Standard Parts

As in the case of hyperreal numbers, our next step is to introduce the standard part. If A is a finite hyperreal vector, the standard part of A is the real vector

st(A) = st(a₁)i + st(a₂)j + st(a₃)k.

Since each component of A is infinitely close to its standard part, A is infinitely close to its standard part. Thus

st(A) is the real vector infinitely close to A.

The standard part of an infinite hyperreal vector is undefined.

Here is a list of rules for standard parts of vectors. A and B are finite hyperreal vectors and c is a finite hyperreal number.

st(-A) = -st(A) st(A + B) = st(A) + st(B)

st(cA) = st(c)st(A) st(A · B) = st(A) · st(B)
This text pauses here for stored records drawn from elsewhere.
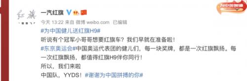8月5日,智车派了解到,一汽红旗官微发文宣称:听说有个冠军小哥哥想要红旗车?我们其实早就在准备了!中国奥运代表团的健儿们辛苦了,你们在运动场上拼尽全力只为让“红旗飘扬”在领奖台!中国队,永远的神!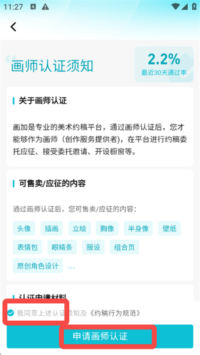 6、阅读画师认证须知,勾选同意后,点击【申请画师认证】;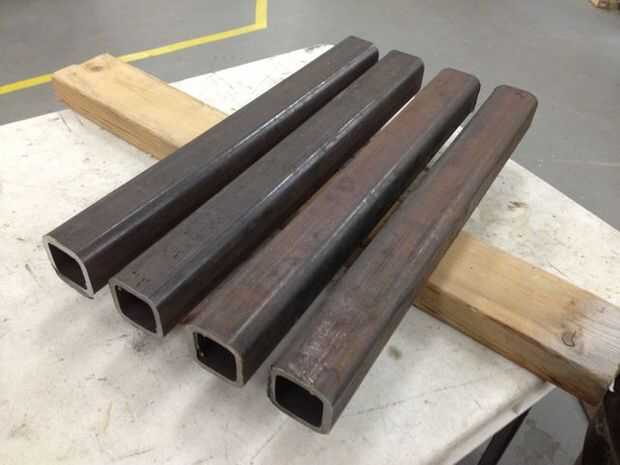 Las patas de la mesa son tubos de acero cuadrado de dos pulgadas. Los pedazos que tenía eran 36" de largo, por lo que fue fácil de cortar por la mitad para hacer las cuatro piernas que eran 18", una buena altura para una mesa de café.

st(A × B) = st(A) × st(B) st(|A|) = |st(A)|

As an example we prove the equation for inner products,

st(A · B) = st(a₁b₁ + a₂b₂ + a₃b₃)

= st(a₁)st(b₁) + st(a₂)st(b₂) + st(a₃)st(b₃)

= st(A) · st(B).

Given a nonzero hyperreal vector A, we may form its unit vector U = A/|A|. The three components of U are the direction cosines of A. As in the case of real vectors, U has length one and is parallel to A.